The fundametal method to convert a hex to base64 in python3

1k Views Asked by At

I want to convert a given hex into base64 (in python without using any libraries). As I learned from other stackoverflow answers, we can either group 3 hex (12 bits i.e. 4 bits each) to get 2 base64 values (12 bits i.e. 6 bits each). And also we can group 6 hex(24 bits) into 4 base64 values (24 bits).

The standard procedure is to append all the binary bits of hexs together and start grouping from left in packets of 6.

My question is regarding the situation we need padding for: (Assuming we are converting 3 hex into 2 base64) There will arise a situation when we are left with only 2 or 1 hex values to convert. Take the example below:

'a1' to base64

10100001 (binary of a1)

101000 01(0000) //making groups of 6 and adding additional 0's where required

This gives "oQ"the answer which is at some place(oQ==) and something different in other place(wqE=)

Q1. Which of the two sources are giving the correct answer? Why the other one is wrong being a good online decoder?

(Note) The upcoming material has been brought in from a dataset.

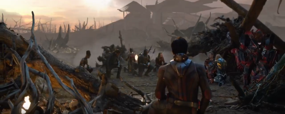 Cuando Tony Stark está muriendo, Black Panther, Capitana Marvel, los Guardianes de la Galaxia, Doctor Strange, Ant-Man y el resto de los presentes por rinden homenaje a la muerte de Iron Man, inspirados por Hawkeye que se arrodilló ante su compañero y amigo.
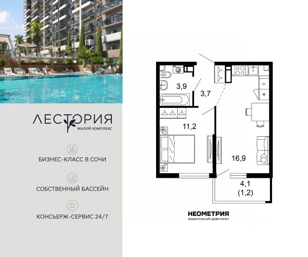 Продается квартира в жилом комплексе бизнес-класса "Лестория". В составе ЖК предусмотрена собственная аквазона площадью 473 квадратных метра с двумя подогреваемыми бассейнами, что соответствуют стандартам бизнес-класса. Аквазона объединяет взрослый и детский бассейны. В welcome-zone к услугам посетителей шезлонги и все необходимые принадлежности. Раздевалки с душевыми комнатами, инфракрасная сауна — здесь все предусмотрено для комфортного отдыха и полного расслабления. Для водного комплекса продуман отдельный вход, оборудованный системой контроля и управления доступом (СКУД). Аквазона только часть уникальной инфраструктуры "Лестории", которая включает в себя также благоустроенную территорию с пятьюдесятью функциональными зонами для прогулок, отдыха и занятий спортом, видовые террасы на крышах для отдыха, работы и встреч с друзьями, а также пространство набережной Кудепсты с шезлонгами и перголами. Жилой комплекс "Лестория" состоит из шести домов высотностью от 15 до 17 этажей, окружённых зеленым массивом национального парка. На придомовой территории для жителей предусмотрены закрытые дворы с круглосуточным видеонаблюдением, активити-центр для детей и подростков, тихие зоны для отдыха и медитации. На крышах домов будут созданы зеленые террасы для наслаждения прекрасными видами на море и горы. В проекте предусмотрены разные варианты отделки квартир под потребности покупателей. Тем, кто хочет воплотить в жизнь собственные интерьерные задумки, подойдут квартиры без ремонта. Для комфортной жизни и отдыха в комплексе будет работать круглосуточный консьерж-сервис уровня 5*, который с легкостью закроет все ежедневные потребности: от заказа продуктов и встречи гостей в аэропорту до выгула и дрессировки питомца. К услугам жителей ЖК "Лестория" — собственная управляющая компания, для инвесторов предоставляются услуги доверительного управления. #ZMAv9t

Q2. How do we realise the number of '=' here? (We could have just add sufficient 0's wherever needed as in example above, and thus ending the answer to be just oQ here and not oQ== , assuming oQ== is correct)

My concept is that: if the hex is of length 2 (rather than 3) we pad with a single = (hence complying with the answer wqE= in above case) , else if the hex is of length 1 ( rather than 3), we pad with double ='s.

At the same time, I am confused that, if 3 hex is converted into 2 base64, we would never need two ='s.

'a' to base64

1010 (binary of a)

Q3. How to convert hex 'a' to base64.

1

There are 1 best solutions below

0
On

Base64 is defined by RFC 4648 as being "designed to represent arbitrary sequences of octets". Octet is a unit of 8 bits, in practice synonymous with byte. When your input is in the form of a hex string, your first step should be to decode it into a byte string. You need two hex characters for each byte. If the length of the input is odd, the reasonable course of action is to raise an error.

To address you numbered questions:

Q1: Even while going to implement you own encoder, you can make use of Python standard library to investigate. Decoding the two results back to bytes gives:

>>> import base64
>>> base64.b64decode(b'oQ==')
b'\xa1'
>>> base64.b64decode(b'wqE=')
b'\xc2\xa1'

So, oQ== is correct, while wqE= has a c2 byte added in front. I can guess that it is the result of applying UTF-8 encoding before Base64. To confirm:

>>> '\u00a1'.encode('utf-8')
b'\xc2\xa1'

Q2: The rules for padding are detailed in the RFC.

Q3: This is ambiguous and you are right to be confused.